A matter of grey and white

The brain is built of white matter, long neural wires that pass messages back and forth between different brain regions, and grey matter, tight nets of neurons that give the brain its characteristic wrinkles. Recent MRI studies have shown that playing a season or two of high school football can weaken white matter, which is mostly found nestled in the interior of the brain. Liu and his team wanted to know if repetitive blows to the head could also affect the brain’s grey matter.

“Grey matter in the cortex area is located on the outside of the brain, so we would expect this area to be more directly connected to the impact itself,” Liu said.

The researchers used a new type of MRI called diffusion kurtosis imaging to examine the intricate neural tangles that make up gray matter.
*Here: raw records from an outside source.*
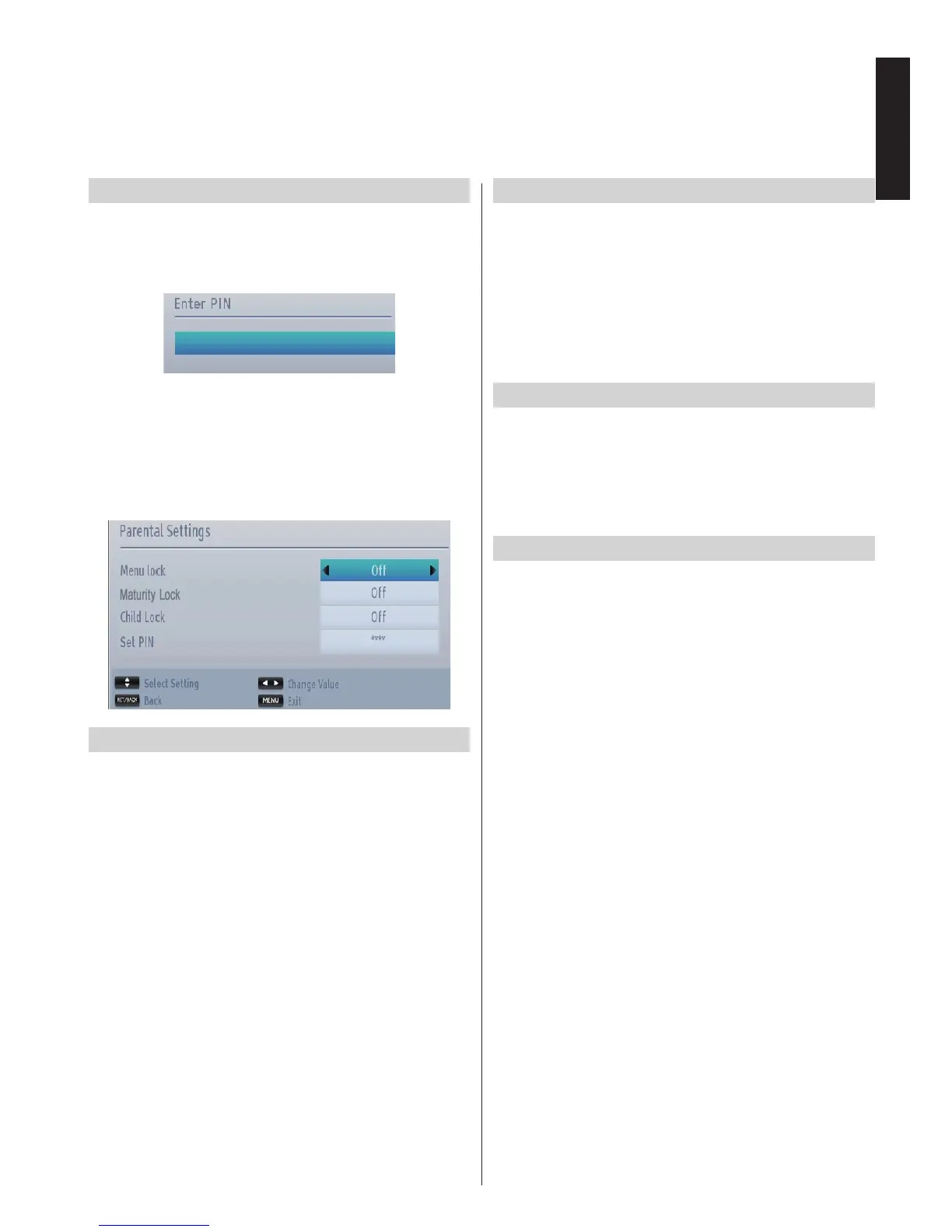 Digital Settings - Parental Control, Menu Lock, Set PIN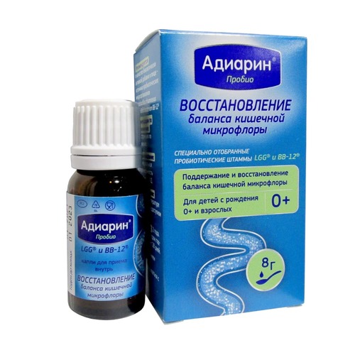 Адиарин® Пробио рекомендуется в качестве биологически активной добавки к пище – источника пробиотических микроорганизмов Lactobacillus rhamnosus LGG® и Bifidobacterium BB-12®: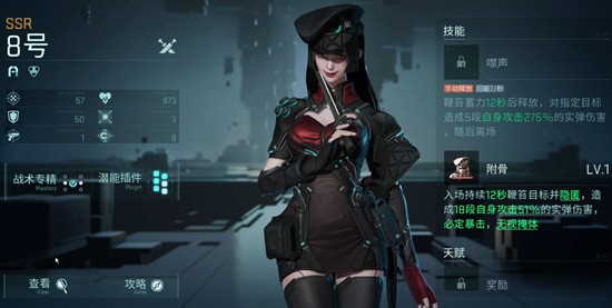 8号是镭明闪击中属性突出的刺客类角色,以高机动性和爆发著称。她的技能可对指定目标造成基础攻击倍率275%的伤害,分四段释放,具备良好的打断与压制效果。更重要的是,8号是目前游戏中唯一拥有隐身能力的角色,能够在战斗中实现战术规避或精准切入,非常适合需要灵活走位的操作型玩家使用。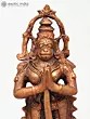 This exquisite copper statue captures Lord Hanuman in a moment of profound reverence and devotion. Standing tall and majestic, he holds his hands together in the Namaskar Mudra, a gesture of greeting, respect, and prayer. The intricate details of this sculpture bring to life the beloved Hindu deity, known for his unwavering loyalty, immense strength, and spiritual devotion to Lord Rama. The warm, earthy tones of the copper enhance the divine aura of the figure, making it a truly captivating piece for any sacred space or as a symbol of inspiration.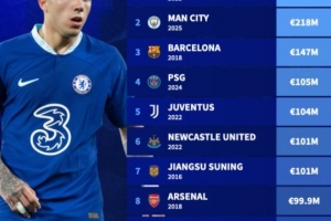 以下為足壇俱樂部單個冬窗引援花費排行榜: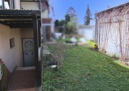 - kleiner Vorgarten und kleines Rasenstück hinter dem Haus mit Kellerzugang

They found that the organization of the gray matter in players’ brains changed after a season of football, and these changes correlated with the number and position of head impacts measured by accelerometers mounted inside players’ helmets.

The changes were concentrated in the front and rear of the cerebral cortex, which is responsible for higher-order functions like memory, attention and cognition, and in the centrally located thalamus and putamen, which relay sensory information and coordinate movement.

“Although our study did not look into the consequences of the observed changes, there is emerging evidence suggesting that such changes would be harmful over the long term,” Liu said.

Tests revealed that students’ cognitive function did not change over the course of the season, and it is yet unclear whether these changes in the brain are permanent, the researchers say.

“The brain microstructure of younger players is still rapidly developing, and that may counteract the alterations caused by repetitive head impacts,” said first author Nan-Ji Gong, a postdoctoral researcher in the Department of Electrical Engineering and Computer Sciences at UC Berkeley.

However, the researchers still urge caution – and frequent cognitive and brain monitoring – for youth and high schoolers engaged in impact sports.

“I think it would be reasonable to debate at what age it would be most critical for the brain to endure these sorts of consequences, especially given the popularity of youth football and other sports that cause impact to the brain,” Liu said.

Co-authors are Samuel Kuzminski of the University of Oklahoma; Michael Clark, Melissa Fraser and Kevin Guskiewicz of the University of North Carolina at Chapel Hill; Mark Sundman of the University of Arizona; and Jeffrey R. Petrella of the Duke University School of Medicine.